Records shown —
= Beginning of Section =

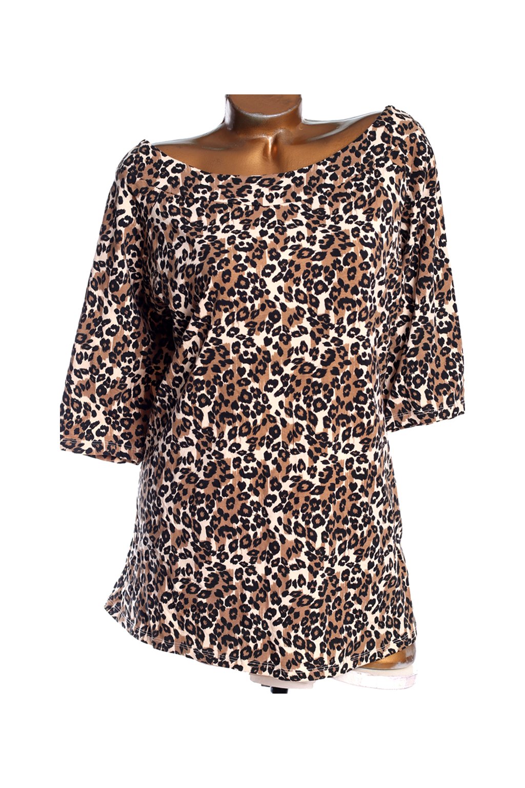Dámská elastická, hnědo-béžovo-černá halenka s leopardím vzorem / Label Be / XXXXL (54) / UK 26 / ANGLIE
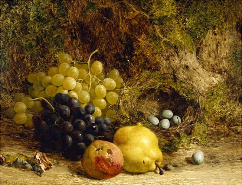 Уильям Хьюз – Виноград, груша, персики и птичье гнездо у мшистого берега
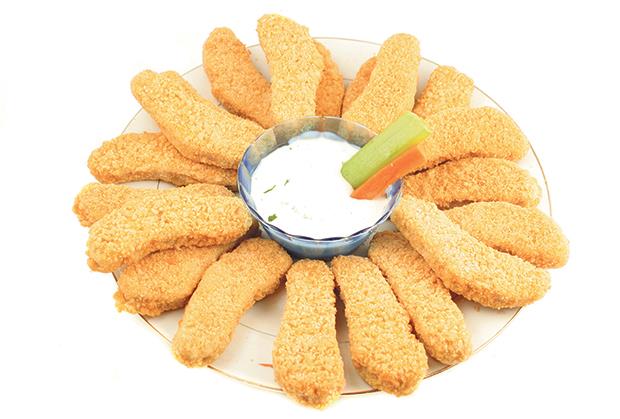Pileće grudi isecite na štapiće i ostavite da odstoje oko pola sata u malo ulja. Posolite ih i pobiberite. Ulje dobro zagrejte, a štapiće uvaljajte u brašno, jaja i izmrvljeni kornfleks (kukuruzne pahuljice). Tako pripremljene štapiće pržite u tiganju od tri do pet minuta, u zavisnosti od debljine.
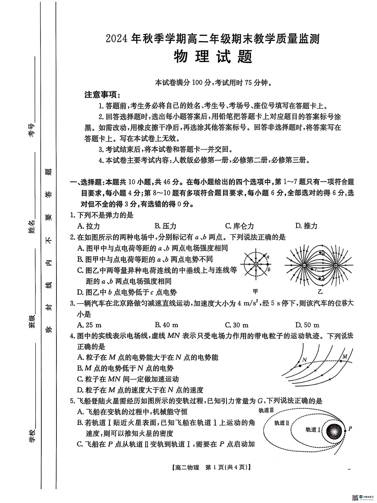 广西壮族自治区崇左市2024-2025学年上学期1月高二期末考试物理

= End of Section =
= Beginning of Section =

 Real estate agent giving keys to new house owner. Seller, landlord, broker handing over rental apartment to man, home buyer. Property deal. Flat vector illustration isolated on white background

= End of Section =
= Beginning of Section =

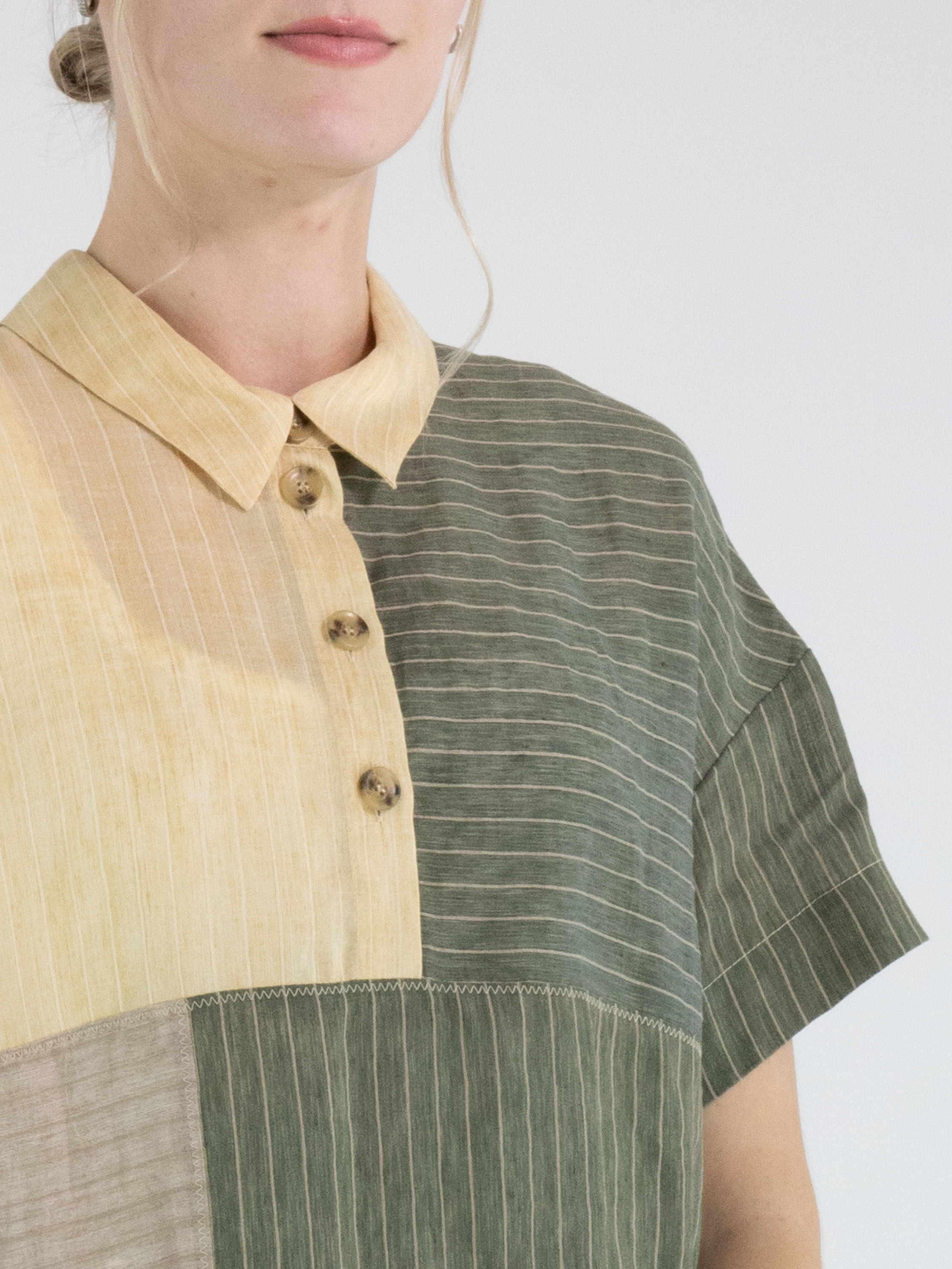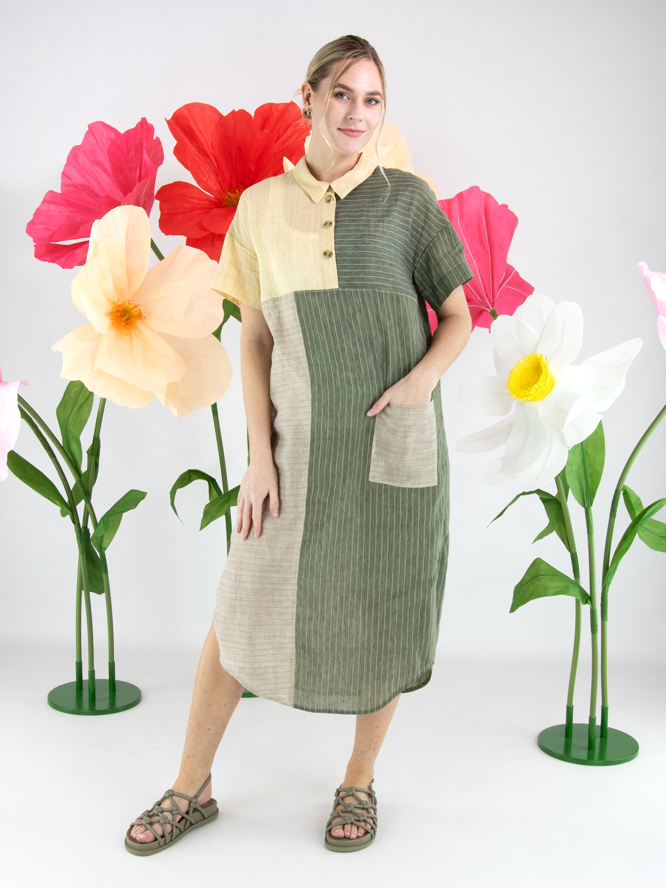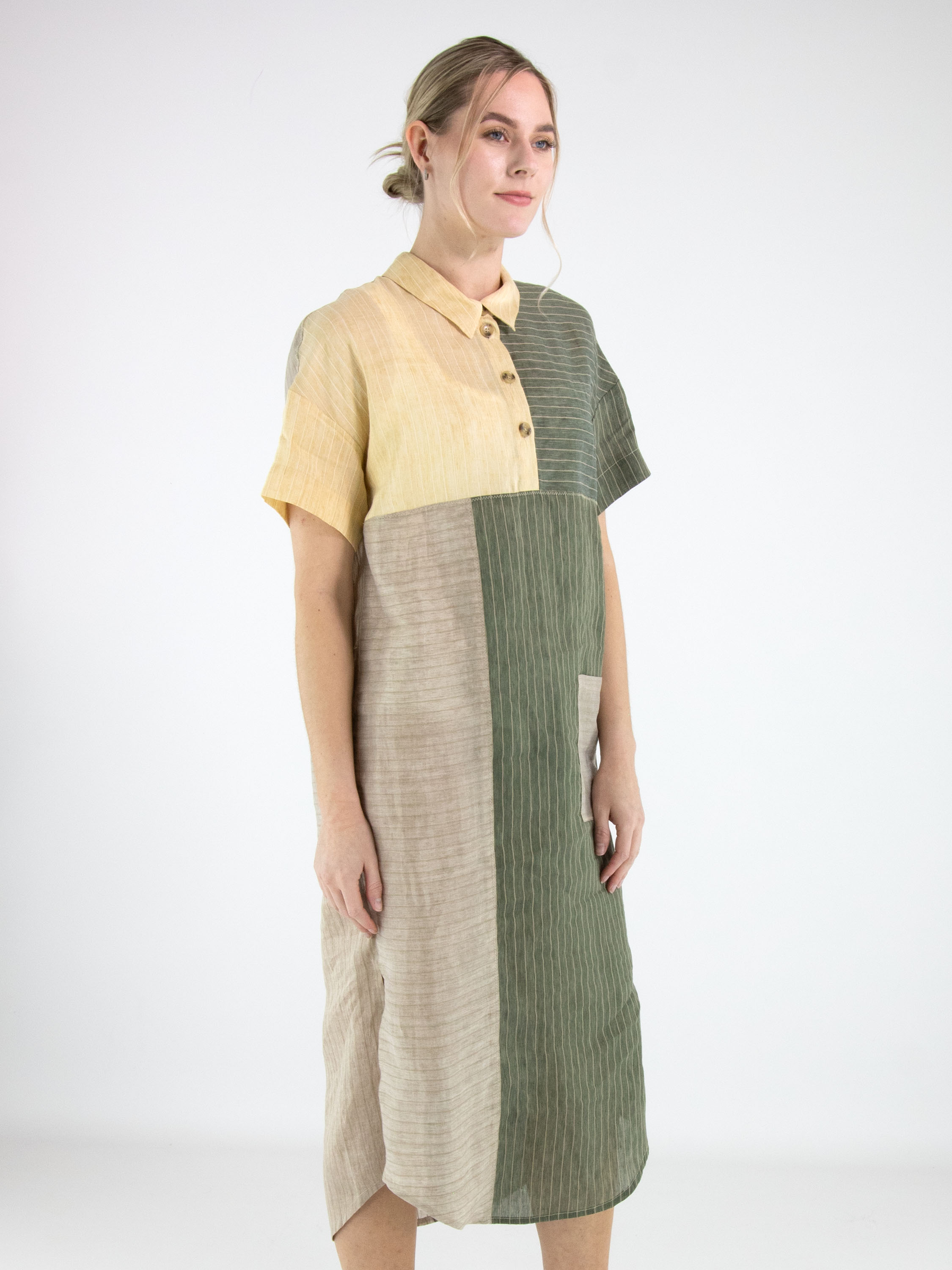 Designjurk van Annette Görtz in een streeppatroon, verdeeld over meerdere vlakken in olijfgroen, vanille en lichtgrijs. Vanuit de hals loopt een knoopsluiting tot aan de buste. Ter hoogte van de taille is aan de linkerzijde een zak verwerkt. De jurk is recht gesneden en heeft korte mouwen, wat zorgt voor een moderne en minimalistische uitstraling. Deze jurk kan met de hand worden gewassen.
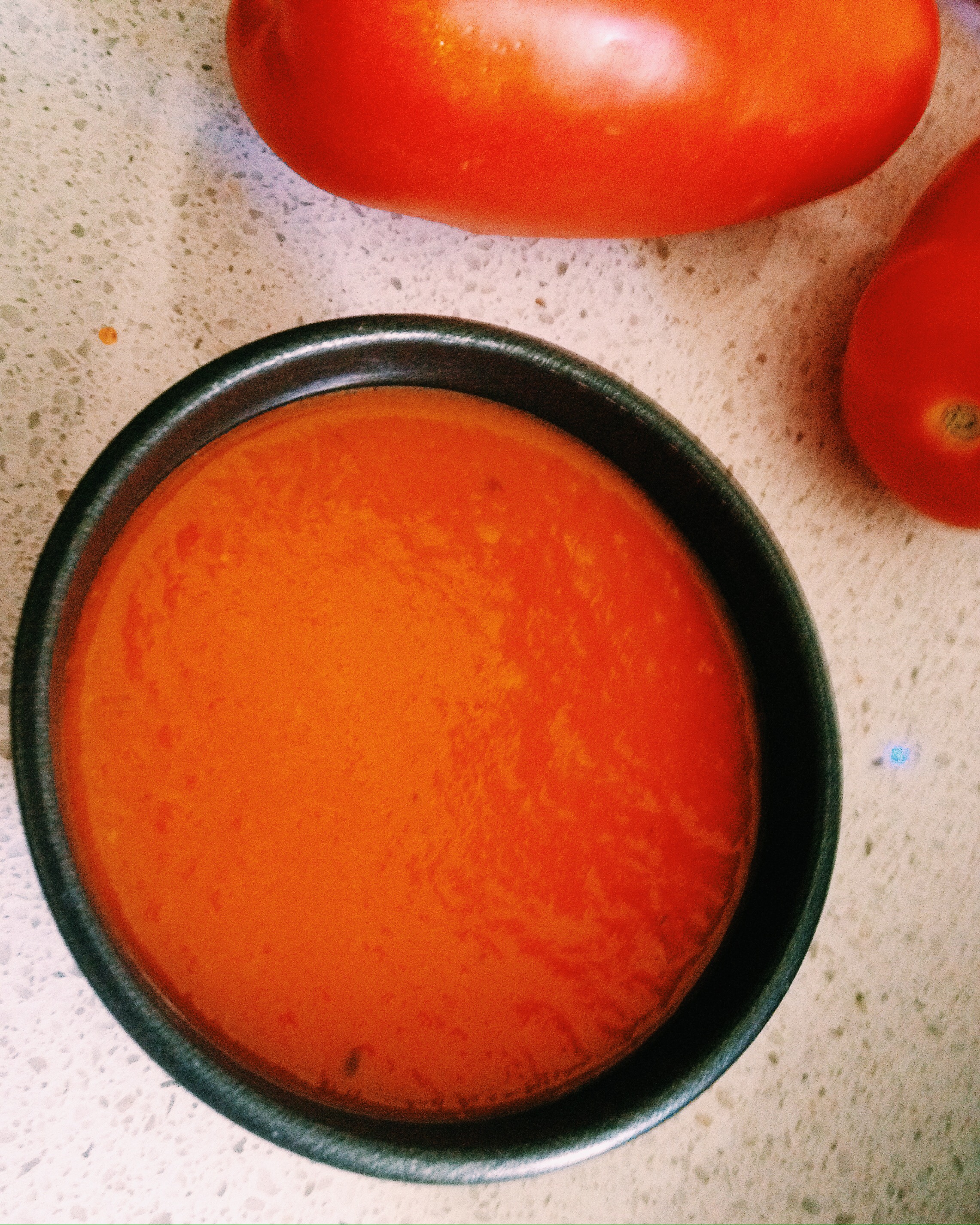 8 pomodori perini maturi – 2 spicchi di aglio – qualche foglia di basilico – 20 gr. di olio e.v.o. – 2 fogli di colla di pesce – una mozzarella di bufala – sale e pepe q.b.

= End of Section =

The problem —
Although pictures appear among the records above, write out exactly only the lines from the one that has "Pileće grudi isecite" through the one that has "广西壮族自治区崇左市2024-2025学年上学期1月高二期末考试物理", and leave the pictures out.

Answer to the problem —
Pileće grudi isecite na štapiće i ostavite da odstoje oko pola sata u malo ulja. Posolite ih i pobiberite. Ulje dobro zagrejte, a štapiće uvaljajte u brašno, jaja i izmrvljeni kornfleks (kukuruzne pahuljice). Tako pripremljene štapiće pržite u tiganju od tri do pet minuta, u zavisnosti od debljine.
 广西壮族自治区崇左市2024-2025学年上学期1月高二期末考试物理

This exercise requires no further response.